Task instructions:
Send each entry back exactly as given, pictures excluded.

(The records Opens)

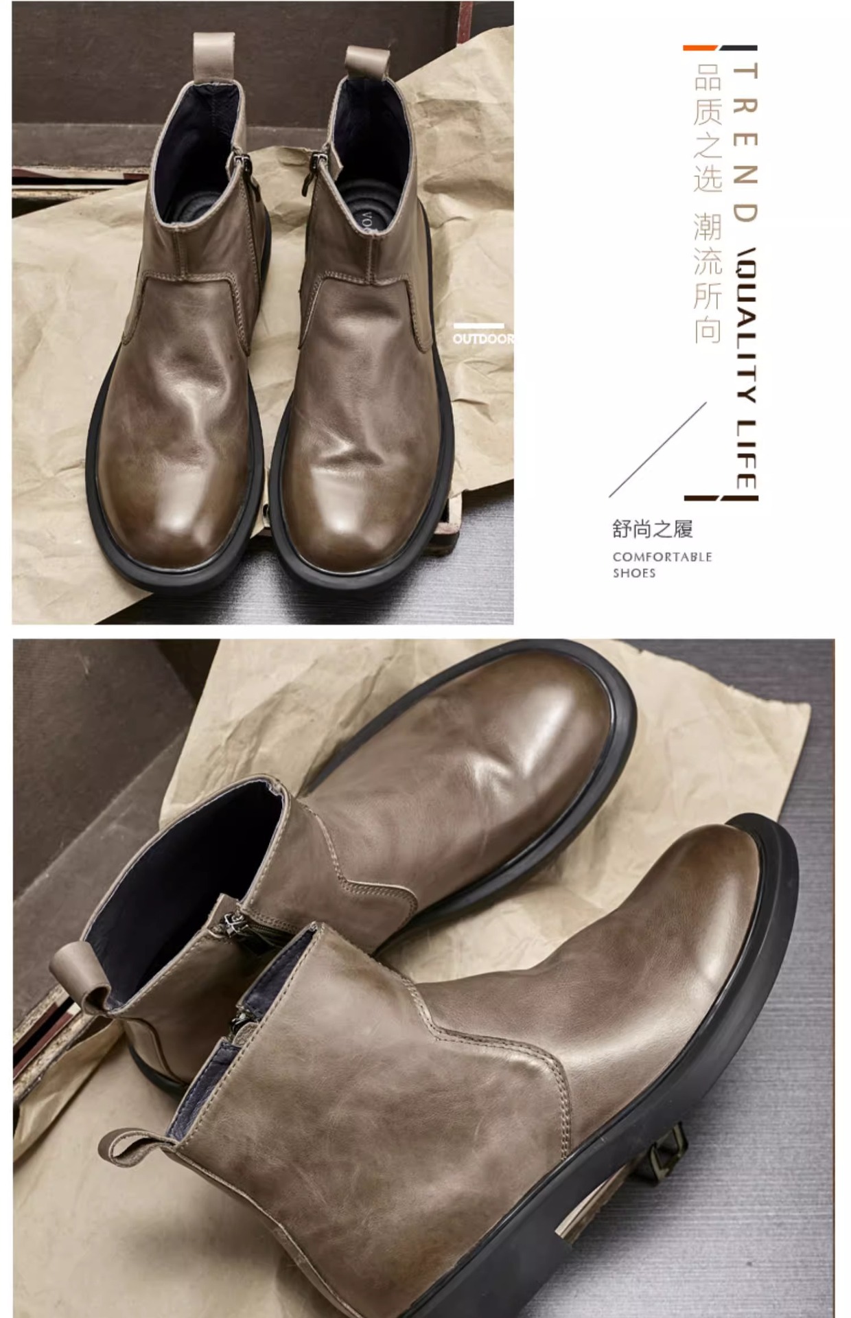 秋冬モデル2023本革高組マーティンブーツ男性ファスナーソフト底ファッションカジュアルブーツとベルベットチェルシーブーツ
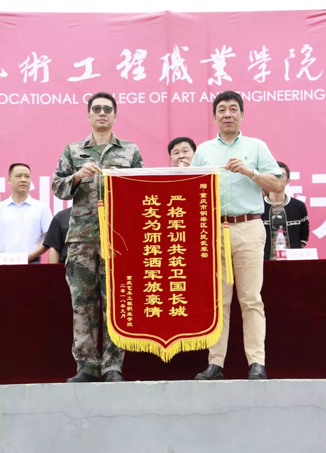 许锡宾校长代表学校将一面锦旗赠送给铜梁区人民武装部,锦旗上书写着两行大字:"严格军训共筑卫国长城,战友为师挥洒军旅豪情"。
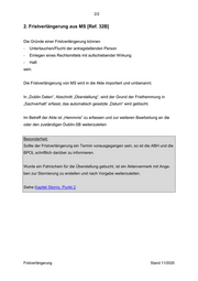 2/2 2. Fristverlängerung aus MS [Ref. 32B] Die Gründe einer Fristverlängerung können - Untertauchen/Flucht der antragstellenden Person - Einlegen eines Rechtsmittels mit aufschiebender Wirkung - Haft sein. Die Fristverlängerung von MS wird in die Akte importiert und umbenannt. In „Dublin Daten“, Abschnitt „Überstellung“, wird der Grund der Fristhemmung in „Sachverhalt“ erfasst, das automatisch gesetzte „Datum“ wird gelöscht. Im Betreff der Akte ist „Hemmnis“ zu erfassen und zur weiteren Bearbeitung an die oder den zuständigen Dublin-SB weiterzuleiten Besonderheit: Sollte der Fristverlängerung ein Termin vorausgegangen sein, so ist die ABH und die BPOL schriftlich darüber zu informieren. Wurde ein Fahrschein für die Überstellung gebucht, ist ein Aktenvermerk mit Anga- ben zur Stornierung zu erstellen und nach Vorgabe weiterzuleiten. Siehe Kapitel Storno, Punkt 2. Fristverlängerung Stand 11/2020
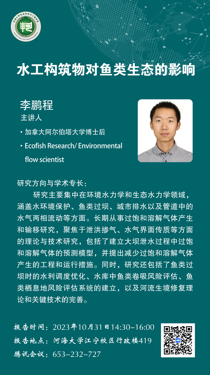 河海大学第六届“国际青年学者论坛”农工院分论坛学术报告通知
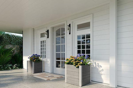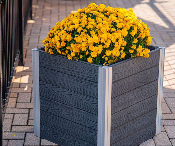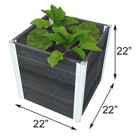 Add a geometric look to your patio or porch plant display using this Vita Gardens Slate Gray Urbana Cube Planter. Placing a planter within your garden or in your sunroom provides ample opportunity to showcase select plants, and the durable construction and classic colors of this item create a fantastic focal point. Gray slats, crafted from a polymer blend, sport a wood grain on one side and brushed finish on the other for a versatile display. The product is both phthalate and BPA free, making it safe for edible crops, and the vinyl construction is simple to maintain for many seasons. Its open interior holds a large potted plant easily, or can be lined with plastic to create a water tight seal. Aluminum channel posts complete the frame, and make assembly simple. Rest this planter on a level surface, allowing its straight design to contrast your flower. Bring lasting shape and style to your favorite potted plant by placing it in this Slate Gray Urbana Cube Planter. Assembly required. Ten year warranty.
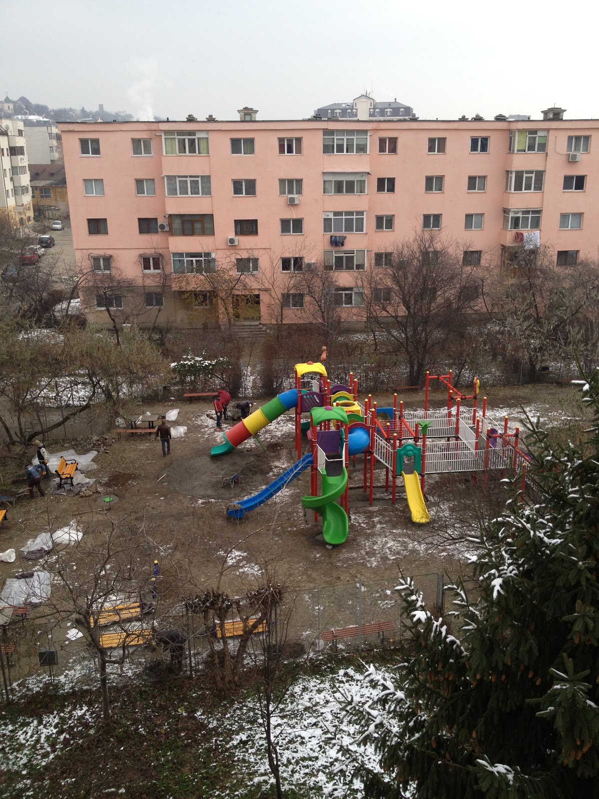 Weekend-ul trecut am fost trezită de sunetul utilajelor parcate frumos în parcul din spatele blocului. Cinci muncitori, înarmaţi cu fel de fel de echipamente, dădeau de zor cu montatul jucăriilor: balansoar, tobogan, scări, tuburi, căsuţe, bănci. Mult plastic, puţin lemn şi niciun copil. Ca o bătrânică de modă veche, nu ca alea de la fostul bloc, de fumau pipă şi erau mereu dichisite, am privit spectacolul de la geam.
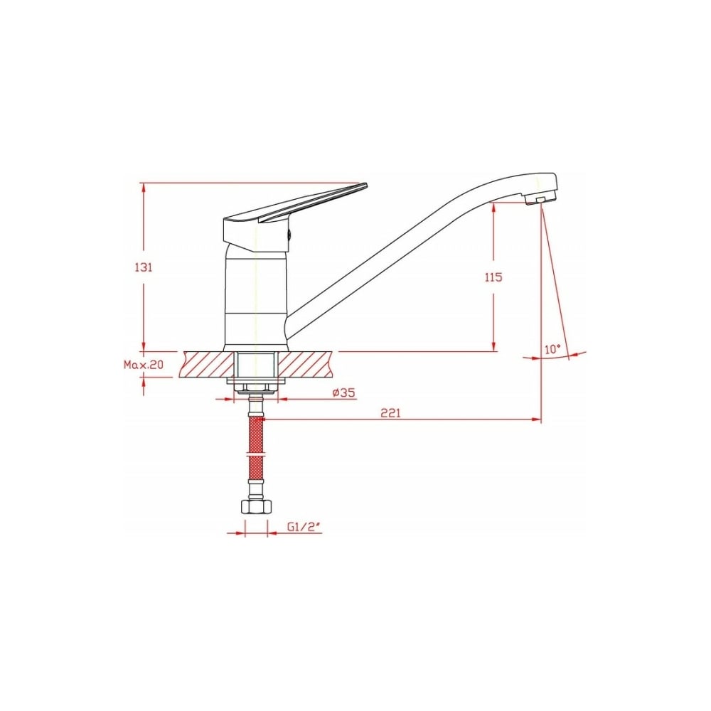 Смеситель для кухни Zollen Worms излив 220 мм, картридж 40 мм WO73411432 448029

(The records Closes)

Written response:
 秋冬モデル2023本革高組マーティンブーツ男性ファスナーソフト底ファッションカジュアルブーツとベルベットチェルシーブーツ
 许锡宾校长代表学校将一面锦旗赠送给铜梁区人民武装部,锦旗上书写着两行大字:"严格军训共筑卫国长城,战友为师挥洒军旅豪情"。
 2/2 2. Fristverlängerung aus MS [Ref. 32B] Die Gründe einer Fristverlängerung können - Untertauchen/Flucht der antragstellenden Person - Einlegen eines Rechtsmittels mit aufschiebender Wirkung - Haft sein. Die Fristverlängerung von MS wird in die Akte importiert und umbenannt. In „Dublin Daten“, Abschnitt „Überstellung“, wird der Grund der Fristhemmung in „Sachverhalt“ erfasst, das automatisch gesetzte „Datum“ wird gelöscht. Im Betreff der Akte ist „Hemmnis“ zu erfassen und zur weiteren Bearbeitung an die oder den zuständigen Dublin-SB weiterzuleiten Besonderheit: Sollte der Fristverlängerung ein Termin vorausgegangen sein, so ist die ABH und die BPOL schriftlich darüber zu informieren. Wurde ein Fahrschein für die Überstellung gebucht, ist ein Aktenvermerk mit Anga- ben zur Stornierung zu erstellen und nach Vorgabe weiterzuleiten. Siehe Kapitel Storno, Punkt 2. Fristverlängerung Stand 11/2020
 河海大学第六届“国际青年学者论坛”农工院分论坛学术报告通知
 Add a geometric look to your patio or porch plant display using this Vita Gardens Slate Gray Urbana Cube Planter. Placing a planter within your garden or in your sunroom provides ample opportunity to showcase select plants, and the durable construction and classic colors of this item create a fantastic focal point. Gray slats, crafted from a polymer blend, sport a wood grain on one side and brushed finish on the other for a versatile display. The product is both phthalate and BPA free, making it safe for edible crops, and the vinyl construction is simple to maintain for many seasons. Its open interior holds a large potted plant easily, or can be lined with plastic to create a water tight seal. Aluminum channel posts complete the frame, and make assembly simple. Rest this planter on a level surface, allowing its straight design to contrast your flower. Bring lasting shape and style to your favorite potted plant by placing it in this Slate Gray Urbana Cube Planter. Assembly required. Ten year warranty.
 Weekend-ul trecut am fost trezită de sunetul utilajelor parcate frumos în parcul din spatele blocului. Cinci muncitori, înarmaţi cu fel de fel de echipamente, dădeau de zor cu montatul jucăriilor: balansoar, tobogan, scări, tuburi, căsuţe, bănci. Mult plastic, puţin lemn şi niciun copil. Ca o bătrânică de modă veche, nu ca alea de la fostul bloc, de fumau pipă şi erau mereu dichisite, am privit spectacolul de la geam.
 Смеситель для кухни Zollen Worms излив 220 мм, картридж 40 мм WO73411432 448029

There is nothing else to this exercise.